Allen Samuels <Allen.Samuels@xxxxxxxxxxx> · Thu, 14 Jul 2016 05:52:15 +0000

As promised, here's some code that hacks out a new encode/decode framework. That has the advantage of only having to list the fields of a struct once and is pretty much guaranteed to never overrun a buffer....

Comments are requested :)

#include <iostream>
#include <fstream>
#include <set>
#include <string>
#include <string.h>

/*******************************************************

   New fast encode/decode framework.

   The entire framework is built around the idea that each object has three operations:

     ESTIMATE  -- worst-case estimate of the amount of storage required for this object
     ENCODE    -- encode object into buffer of size ESTIMATE
     DECODE    -- encode object from buffer of size actual.

   Each object has a single templated function that actually provides all three operations in a single set of code.
   But doing this, it's pretty much guaranteed that the ESTIMATE and the ENCODE code are in harmony (i.e. that the estimate is correct)
   it also saves a lot of typing/reading...

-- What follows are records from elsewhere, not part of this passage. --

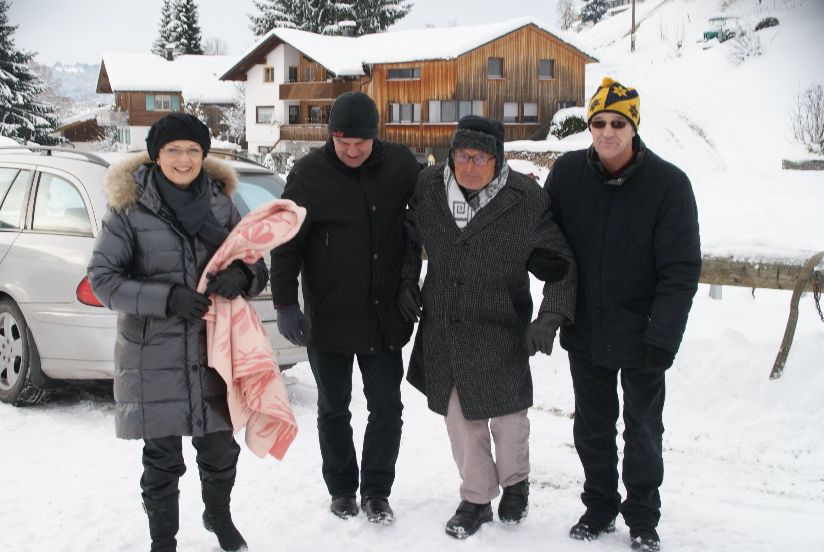 Tone Steiner, 2. von rechts, wird zur Kutsche geleitet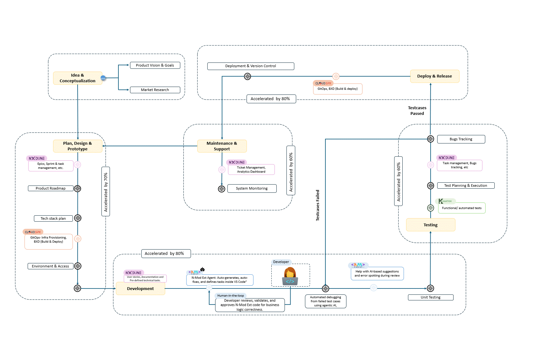 Our product ecosystem brings Agentic SDLC to life by seamlessly orchestrating AI-driven capabilities across every phase of the software development lifecycle.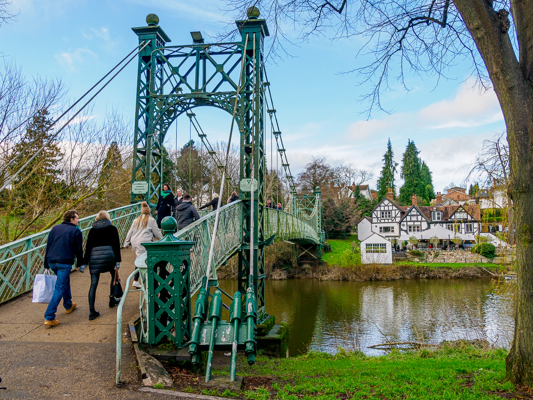 There is a large green space in the loop of the river below the town, called: “The Quarry”. A pedestrian suspension bridge takes you over the river here, but the bridge moves around quite a lot as you cross.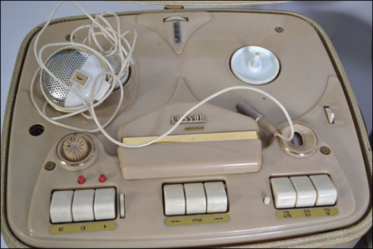 A vintage Grundig portable reel to reel tape player along with a vintage Cossar reel to reel portable tape player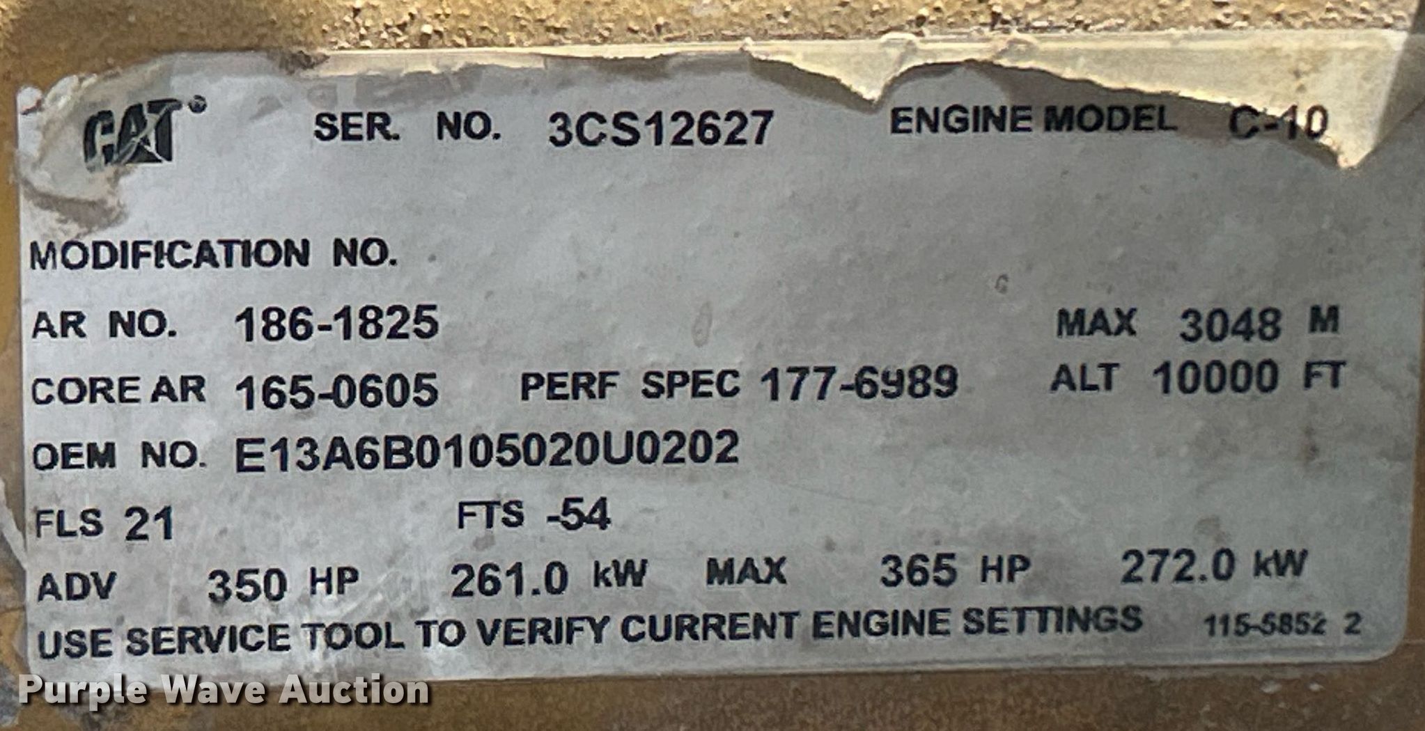 2000 Peterbilt 378 semi truck. Miles: 410,700 on odometer, Hours: 6,288 on meter, VIN: 1XPFDT9X0YD536613. Engine Caterpillar C-10, Serial: 3CS12627, Displacement: 10.3L, Cylinders: 6, Fuel type: Diesel, HP: 365, kW: 272, Engine brake. Transmission Manual, Speed: 10. Chassis Axles: Tandem, Differential lock: Full, Suspension: Air, Brakes: Air, PTO, Wet kit, GVWR: 52,000 lbs FAWR: 12,000 lbs, IAWR: 20,000 lbs, RAWR: 20,000 lbs. Interior AC, Heat, Heated mirrors. Features Fifth wheel type: Fixed, Fuel tank: Dual. Tires Size: 11R22.5. Oklahoma title. Title distribution may be delayed up to 14 days from verification of funds. D-Kerns Construction, Inc. Inola, OK 74036

   Generally, all three operations are provided on a single function name with the input and return parameters overloaded to distinguish them.

   It's observed that for each of the three operations there is a single value which needs to be transmitted between each of the micro-encode/decode calls
   Yes, this is confusing, but let's look at a simple example

    struct simple {
      int a;
      float b;
      string c;
      set<int> d;
    };

    To encode this struct we generate a function that does the micro-encoding of each of the fields of the struct
    Here's an example of a function that does the ESTIMATE operation.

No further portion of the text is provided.